Без сомнения, именно соображения такого рода должны быть приняты для объяснения того факта, что наши университеты построены исключительно для служения податливому уму, в то время как единственное образование сердца должно быть получено от общения с соседним сердцем и в обычных жизненных курсах. Жизнь — его единственный университет. Ум — монарх, чьи законы претендуют на верховенство в тех землях, которые хвастаются движениями цивилизации, и он должен командовать всеми инструментами образования. По крайней мере, такова теория конституции современного мира. Следует подозревать, что, по сути дела, ум — один из тех современных монархов, которые царствуют, но не правят. Тот старый Дом общин, та популярная палата, в которой страсти, предрассудки, врожденные, бездумные привязанности, давно отвергнутые умом, имеют свое полное представительство, контролирует большую часть фактического ведения дел. Выходя из фигуры, разумная мысль — это, хотя, возможно, председательствующая, но еще не правящая сила в мире. В жизни и в литературе она подчинена. Будущее может принадлежать ей; но настоящее и прошлое — нет. Вера и добродетель не носят ее ливреи; дружба, лояльность, патриотизм не черпают из нее свои мотивы. Она не предоставляет материал для тех масс привычки, бесспорной традиции и заветной веры, которые являются балластом каждого устойчивого корабля государства, позволяя ему безопасно расправлять паруса на ветрах прогресса и даже стоять перед штормами революции. И это факт, который имеет свое отражение в литературе. Существует литература разумной мысли; но большая часть тех сочинений, которые мы считаем достойными этого великого имени, является продуктом не разумной мысли, а воображения и духовного видения тех, кто видит, — сочинения, окрыленные не знанием, а сочувствием, чувством, сердечностью. Даже литература разумной мысли получает свою жизнь не от своей логики, а от духа, проницательности и вдохновения, которые являются проводником ее логики. Мысль председательствует, но чувство обладает исполнительной властью; мотивные функции принадлежат чувству.

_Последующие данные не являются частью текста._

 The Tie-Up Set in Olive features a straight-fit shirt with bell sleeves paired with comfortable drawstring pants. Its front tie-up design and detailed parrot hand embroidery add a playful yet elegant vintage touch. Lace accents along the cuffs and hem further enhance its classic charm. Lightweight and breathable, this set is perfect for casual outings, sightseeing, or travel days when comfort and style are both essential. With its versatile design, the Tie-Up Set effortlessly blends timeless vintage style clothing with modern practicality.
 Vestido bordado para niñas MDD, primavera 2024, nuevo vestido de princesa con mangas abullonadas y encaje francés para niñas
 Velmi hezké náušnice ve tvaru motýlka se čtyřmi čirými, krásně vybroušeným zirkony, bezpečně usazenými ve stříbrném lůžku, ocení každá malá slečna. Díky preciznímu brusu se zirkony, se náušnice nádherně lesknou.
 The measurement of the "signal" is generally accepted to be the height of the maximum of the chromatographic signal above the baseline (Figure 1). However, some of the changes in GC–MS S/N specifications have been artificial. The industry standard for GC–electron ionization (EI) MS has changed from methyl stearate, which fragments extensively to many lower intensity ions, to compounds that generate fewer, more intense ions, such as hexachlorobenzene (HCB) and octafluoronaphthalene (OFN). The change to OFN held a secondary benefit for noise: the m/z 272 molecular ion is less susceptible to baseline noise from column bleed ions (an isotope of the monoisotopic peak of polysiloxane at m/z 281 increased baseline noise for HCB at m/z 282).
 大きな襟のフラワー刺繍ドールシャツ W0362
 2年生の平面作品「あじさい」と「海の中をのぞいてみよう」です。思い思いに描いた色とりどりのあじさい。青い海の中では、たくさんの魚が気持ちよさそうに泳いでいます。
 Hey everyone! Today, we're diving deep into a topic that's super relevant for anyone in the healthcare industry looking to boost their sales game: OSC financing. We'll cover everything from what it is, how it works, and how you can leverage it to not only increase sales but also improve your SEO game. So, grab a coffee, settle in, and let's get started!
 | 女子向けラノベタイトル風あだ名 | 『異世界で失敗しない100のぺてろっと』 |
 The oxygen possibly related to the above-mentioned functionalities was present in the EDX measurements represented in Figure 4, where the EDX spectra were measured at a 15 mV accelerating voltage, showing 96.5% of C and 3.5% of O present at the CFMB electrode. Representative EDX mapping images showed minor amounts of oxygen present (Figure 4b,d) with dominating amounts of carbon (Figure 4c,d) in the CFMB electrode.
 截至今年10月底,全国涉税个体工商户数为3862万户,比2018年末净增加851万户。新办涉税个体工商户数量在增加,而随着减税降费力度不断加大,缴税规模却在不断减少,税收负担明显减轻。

«Многие люди дают много теорий литературной композиции», — говорит самый естественный и стимулирующий из английских критиков, — «и доктор Блэр, которого мы будем читать, как говорят, иногда исчерпывал предмет; но, если он не доказал обратного, мы верим, что секрет стиля заключается в том, чтобы писать как человек. Некоторые думают, что они должны быть мудрыми, некоторые — обстоятельными, некоторые — краткими; Тацит писал как корсет; некоторые поражают нас, как Томас Карлейль, или комета, пишущая своим хвостом. Но читабельность дается тем, кто пренебрегает этими понятиями и желает быть собой, писать свои собственные мысли своими собственными словами, самыми простыми словами, словами, в которых они были продуманы... Книги предназначены для различных целей — трактаты для обучения, альманахи для продажи, поэзия для приготовления выпечки; но это редчайший сорт книги — книга для чтения. Как сказал доктор Джонсон: «Сэр, хорошая книга — это та, которую вы можете держать в руке и взять к огню». Сейчас существует чрезвычайно мало книг, с которыми можно так обращаться. Когда великий автор, как Грот или Гиббон, посвятил целую жизнь ужасной индустрии сочинению большой истории, чувствуешь, что не следует касаться ее просто рукой — это не уважительно. Идея рабства витает над «Упадком и падением». Представьте себе жестко одетого джентльмена, на жестком стуле, медленно пишущего эту жесткую компиляцию жесткой рукой; этого достаточно, чтобы сделать вас жестким на всю жизнь».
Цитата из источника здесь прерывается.